Tenggelam - Jeandra Pradana

227 18 3
                                    

“Jangan sampai pernah begitu menyayangi sesuatu, Jean. Ibu tidak mau kamu mengalami kehilangan mendalam saat sesuatu yang kamu sayangi itu hilang atau pergi dari hidupmu.”

Ibu berkata seperti itu disaat aku masih kecil. Kala itu aku sangat gemar menunggu datangnya langit merah di penghujung hari. Aku tak tahu saat itu, apa alasan dibalik perkataan ibu. Ia selalu mengucapnya berulang kali setiap aku menunggu langit merah. Seakan aku akan menghilang bersama datangnya malam, lalu meninggalkan dirinya seorang diri bersama dingin.

Kini aku tahu jawabannya.
Bukan aku yang pergi bergantian dengan datangnya malam, ibu tidak takut akan hal itu. Ibu hanya takut aku tidak bisa melanjutkan hidupku di saat dia yang pergi dari hidupku, karena aku begitu menyayanginya—seperti aku menyukai langit kemerahan.

Ibu pergi meninggalkanku tepat setelah hari kelulusan SMP ku, dan kini aku sebatang kara. Beruntung karena aku mendapatkan beasiswa bersekolah di salah satu SMA swasta di Jakarta, jadi aku tidak menambah kemalanganku untuk menjadi seorang gelandangan yang putus sekolah.

Aku menatap ke arah rumah lamaku, mungkin aku akan merindukan kenangan bersama ibu di rumah ini selamanya. Semua yang terjadi terasa terlalu mendadak, bahkan untuk menangis pun aku tidak punya persiapan.

“Jeandra, semua barangmu sudah om masukkan ke bagasi, kita berangkat sekarang?” suara om Gilang membuyarkan lamunanku. Aku menyempatkan diri untuk bernapas sebelum melemparkan senyuman tipis dan menganggukkan kepala.

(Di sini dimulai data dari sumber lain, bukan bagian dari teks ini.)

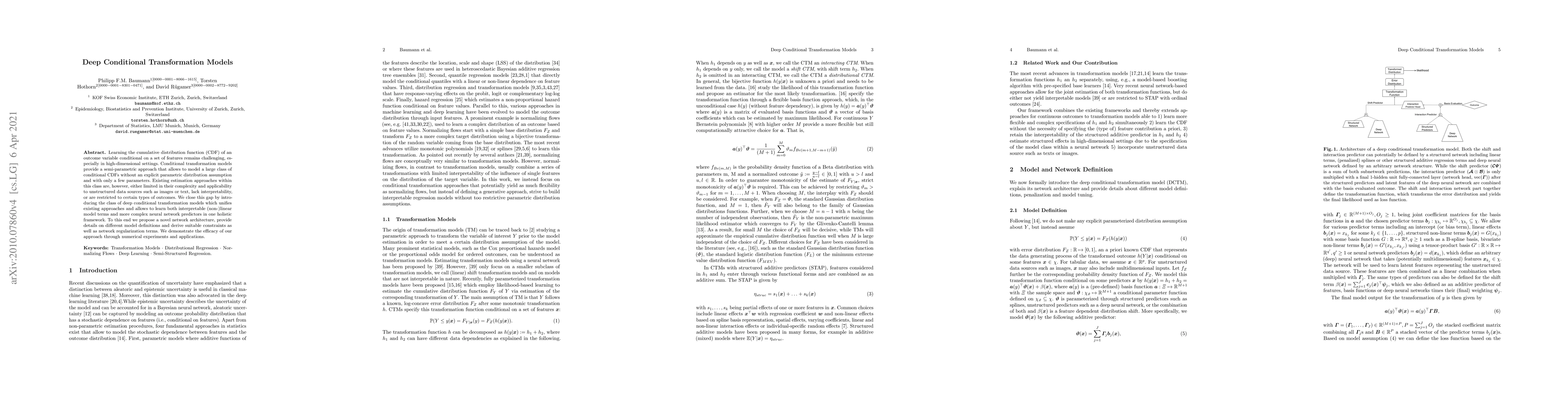 This paper introduces deep conditional transformation models, a semi-parametric approach that combines interpretable model terms with complex neural networks to learn conditional cumulative distribution functions in high-dimensional settings. The proposed network architecture and regularization terms enhance applicability and interpretability, demonstrated through numerical experiments.
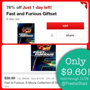 Target just released a hot Cartwheel offer valid for 76% off Fast & Furious Gift Sets! The DVD gift sets are priced at $39.99, making them just $9.60 after Cartwheel! The fine print doesn’t exclude Blu-ray, but for some reason, but I’ve heard reports of the offer not working with the Blu-ray sets (speak with a manager to push it through). The Blu-ray sets are $59.99, so just $14.39 after this offer. Valid through November 26th.

Om Gilang adalah adik kandung ibu. Aku mungkin harus bersyukur sebab memiliki paman sebaik om Gilang dan istrinya—tante Ayu. Mereka yang mengurusku sejak ibu berpulang, lalu membelikan aku rumah kecil di daerah dekat sekolah agar aku bisa hidup dengan tenang. Om Gilang bahkan berkata bahwa aku tidak perlu terlalu keras dengan diriku sendiri. Mereka bersedia membayarkan SPP sekolahku jika beasiswaku dicabut.

Bagi mereka, aku seperti anak kandung mereka sendiri. Keduanya memang belum memiliki anak meski sudah dua belas tahun menikah. “Jeandra, nanti sering-sering kabari tante Ayu di Jakarta, ya? Jangan sungkan kalau Jean butuh bantuan.” Tante Ayu menuntunku masuk ke dalam mobil sambil berucap seperti itu.

Aku lagi-lagi hanya bisa tersenyum, kemudian banyak-banyak mengucap syukur.

Meski begitu, aku tak lagi bisa menyayangi siapapun seperti dahulu aku menyayangi ibu dan mencintai langit sebelum matahari terbenam. Sebab, aku tidak akan pernah siap untuk kehilangan lagi.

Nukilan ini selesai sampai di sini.